This recipe is a cinch to make, feels fancy and special, and the ingredients can be kept on hand for whenever you have some last minute guests pop by. I’ve included the amount that I used for the dish that you see in the photo, however, you can easily use just one block of cream cheese and reduce the proportions of the other ingredients. If you are lucky enough to have some well drained yogurt cheese or chevre, by all means use it instead of the cream cheese. If using chevre reduce the amount of seasoning, as chevre already has a salty taste.
4 blocks cream cheese, softened/room temperature
1/4 cup of chopped herbs (I used a combination of dill, rosemary, chives, and two types of thyme)

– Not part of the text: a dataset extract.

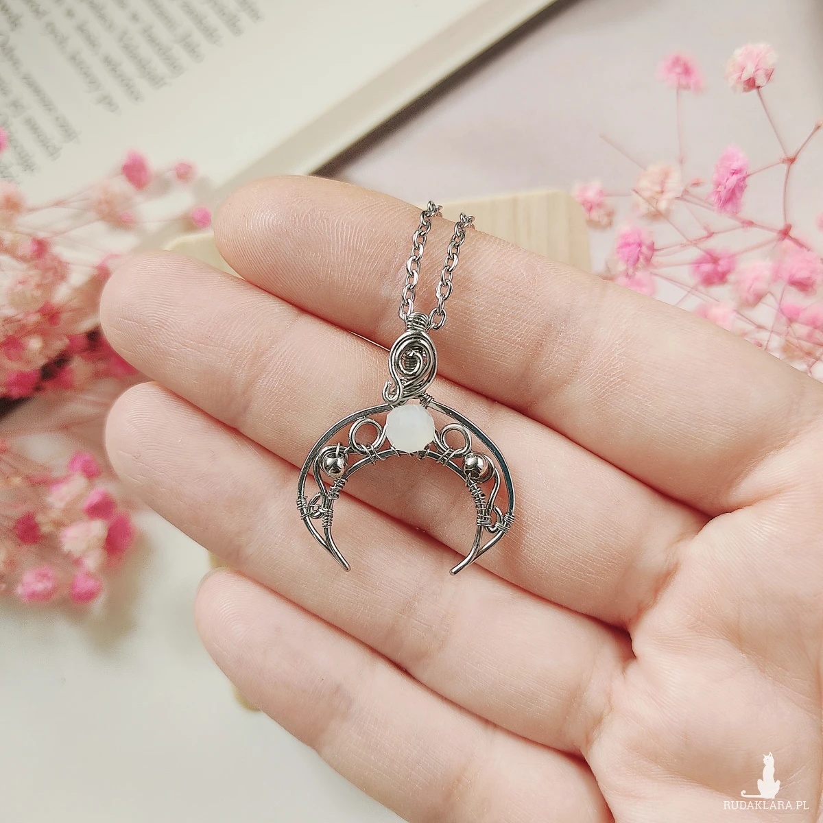 Unikalny naszyjnik w kształcie lunuli z naturalnym kamieniem księżycowym, wykonany ręcznie metodą wire wrapping z trwałej i hipoalergicznej stali chirurgicznej. Symbol lunuli, od wieków kojarzony z kobiecą energią, płodnością i ochroną, w połączeniu z subtelnym blaskiem kamienia księżycowego tworzy wyjątkową biżuterię pełną symboliki.
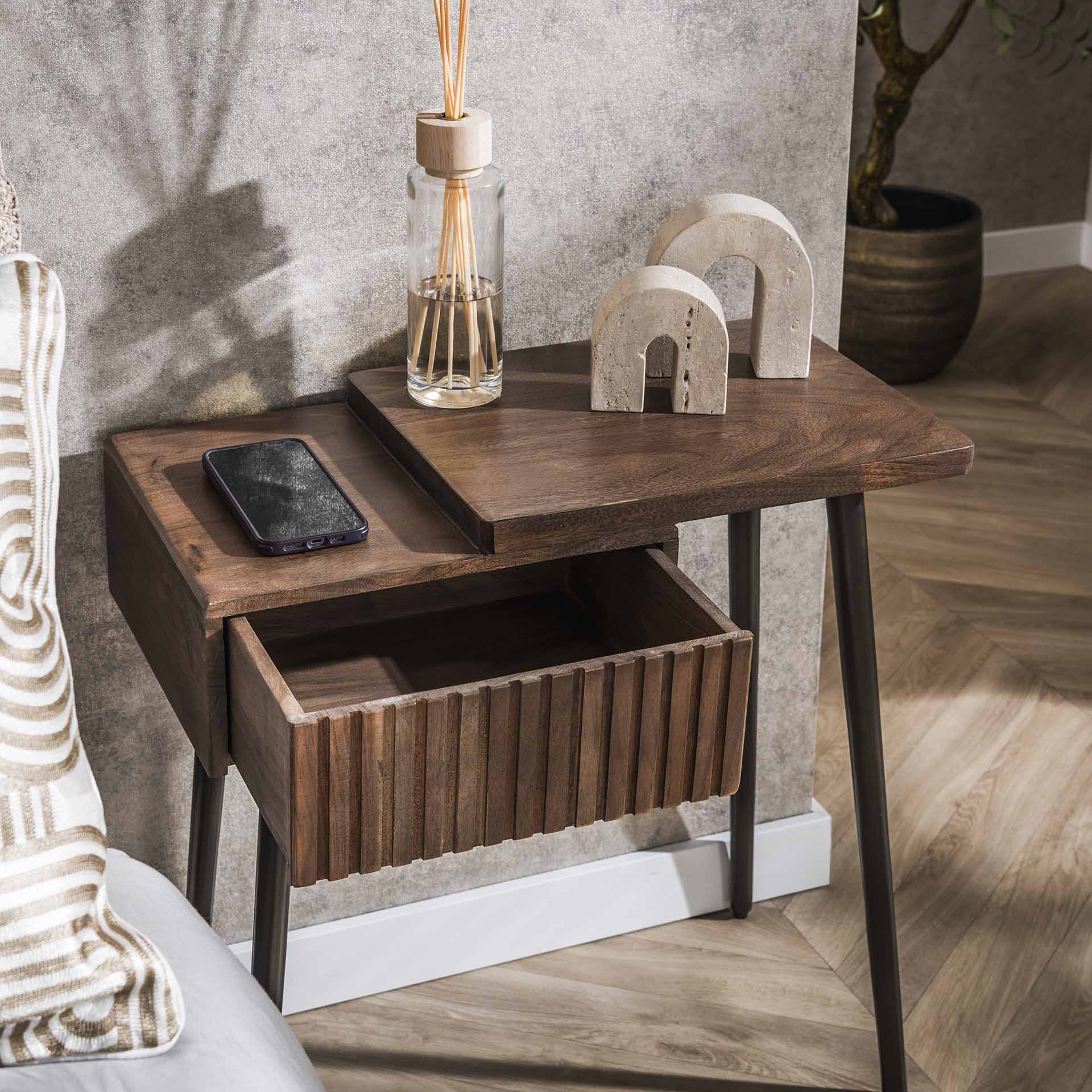 Nattbord Oslo Rechts - Massiv Akacie Drift Brown (1 skuffe)

1/2-1 teaspoon Tony Chachere’s Cajun Seasoning
Use a fork to mash the cream cheese and to distribute the herbs throughout the cheese. Sprinkle enough of the seasoning in the cheese to add a little color. This will add some zip to the dish as well. If you cannot find Tony Chachere’s seasoning, I’d recommend using a little paprika, salt, and pepper in its place. If you would like to mold the spread like the photo shows, line a bowl with plastic wrap and sprinkle the bottom with the seasoning. Fill the lined bowl with the spread, cover and refrigerate at least 30 minutes, preferably longer. When you are ready to eat, uncover the spread, place a plate on top of the bowl, invert the bowl, and gently pull the wrap off with the bowl. Viola! Use herbs and seasoning for any garnish. Serve with crackers, crostini, or freshly baked bread.